Vers 5h du matin, sentant une présence à mes côtés, je me réveille. Très vite, je me rends compte que ce n’est pas pour la 3º fois mon loulou qui par la chaleur n’arrive pas à dormir et viens me demander un peu d’eau, sinon un visage inconnu à quelques centimètres du mien.

 

Nous réagissons tous de manière différente face à l’effraction :

Malheureusement, ce n’est pas la première fois que je me retrouve dans une situation d’agression et il semblerait que j’ai un instinct de survie qui me pousse à attaquer pour me défendre. Mon premier réflexe a été de le pousser pour pouvoir, me redresser et l’attraper pour le neutraliser. Je suis de nature assez craintive et j’irais même jusqu’à dire peureuse, mais à ce moment-là, je n’ai pas mesuré l’inconscience de mon attitude. La seule chose que je voulais était protéger ce qui m’appartenait et lui montrer que j’étais un adversaire de poids.

 

Les faits:

Il est clair qu’il ne voulait pas me faire de mal physiquement, il ne cherchait qu’à voler les objets électroniques et de valeur, mais je n’avais pas conscience de cela. Il a pris l’escampette par le balcon et il a raté sa sortie. Me précipitant également vers l’endroit de la fuite, je l’ai vu étalé au sol, comme une marionnette avec les jambes qui semblaient ne pas être dans le bon sens.
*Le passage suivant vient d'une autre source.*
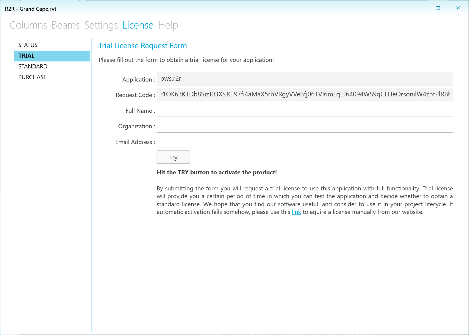 - To access the full features, you can activate a 30-day free trial via the License - Trial tab. Simply fill out the form and click TRY.

Je suis restée sous le choc quelques secondes, mais la colère a vite repris le dessus quand je l’ai vu bouger. Depuis le balcon, j’ai vu sur le trottoir mon mac enroulé dans la couverture qui était dans la chambre de mes loulous. Je n’étais plus en colère, j’étais furieuse et hors de moi : il était hors de question que quelqu’un touche à mes enfants.

J’ai pensé à lui jeter un objet lourd pour l’assommer et être sûre qu’il ne bougerait pas le temps que mon mari descende. Et puis je me suis repris, de peur de ne justement pas le louper.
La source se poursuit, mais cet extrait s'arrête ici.